Re: Massive performance regression from switching to gcc 4.5
- From: Jan Hubicka <hubicka at ucw dot cz>
- To: Jan Hubicka <hubicka at ucw dot cz>
- Cc: Taras Glek <tglek at mozilla dot com>, basile at starynkevitch dot net, Andrew Pinski <pinskia at gmail dot com>, "gcc at gcc dot gnu dot org" <gcc at gcc dot gnu dot org>
- Date: Tue, 6 Jul 2010 18:46:07 +0200
- Subject: Re: Massive performance regression from switching to gcc 4.5
- References: <4C23A90C.1000401@mozilla.com> <AE37111E-D5B1-4BF2-8938-937D2A1940D9@gmail.com> <4C2BB5EF.8040800@mozilla.com> <1277933200.4504.49.camel@glinka> <4C2BB768.2010307@mozilla.com> <20100630220600.GA22187@atrey.karlin.mff.cuni.cz>
> > On 06/30/2010 02:26 PM, Basile Starynkevitch wrote:
> >> On Wed, 2010-06-30 at 14:23 -0700, Taras Glek wrote:
> >>
> >>> I tried 4.5 -O2 and it's actually faster than 4.3 -Os.
> >>>
> >>> I am happy that -O2 performance is actually pretty good, but -Os
> >>> regression is going to hurt on mobile.
> >>>
> >> Did you try gcc-4.5 -flto -Os or gcc-4.5 -flto -O2?
> >>
> >> It would be interesting to hear that GCC is able to LTO a program as big
> >> as Mozilla!

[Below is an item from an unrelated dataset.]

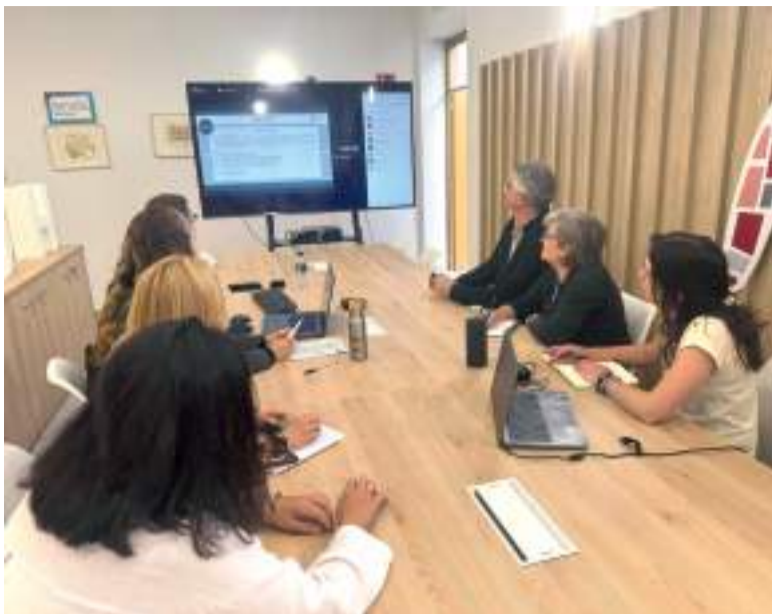
Primera sessió del curs ERASMUS+ sobre catàstrofes, centrada en les inundacions

And figures (notably RAM, CPU time, wallclock time for
> >> build) would be interesting.
> >>
> >
> > Both whopr and flto cause gcc to segfault while building Mozilla.
>
> 4.5 WHOPR is completely broken. LTO is in better shape but I am not sure if we
> can resonably expect it to build mozilla. However I would be very happy to help
> getting WHOPR working for 4.6.
Hi,
I now got the 4.6 WHOPR build up to libxul.so that seems to be one of bigger
files.
WHOPR linking consists of serial stage (WPA) merging whole program and doing
interprocedural optimization followed by parallel build. The serial stage
needs 3.7GB of RAM, 10 minutes, most of it is spent by writting out the files
for parallel builds that are around 5GB overall. The size of files can be
significantly cut down by sane partitioning algorithm, since we produce over
1000 partitions where 40 would do the job. (this is with enable-checking
compiler)
Later build still die for me, but it seems that libxul is not too large for
WHOPR. (I hope all parameters to reduce significantly before 4.6 is out)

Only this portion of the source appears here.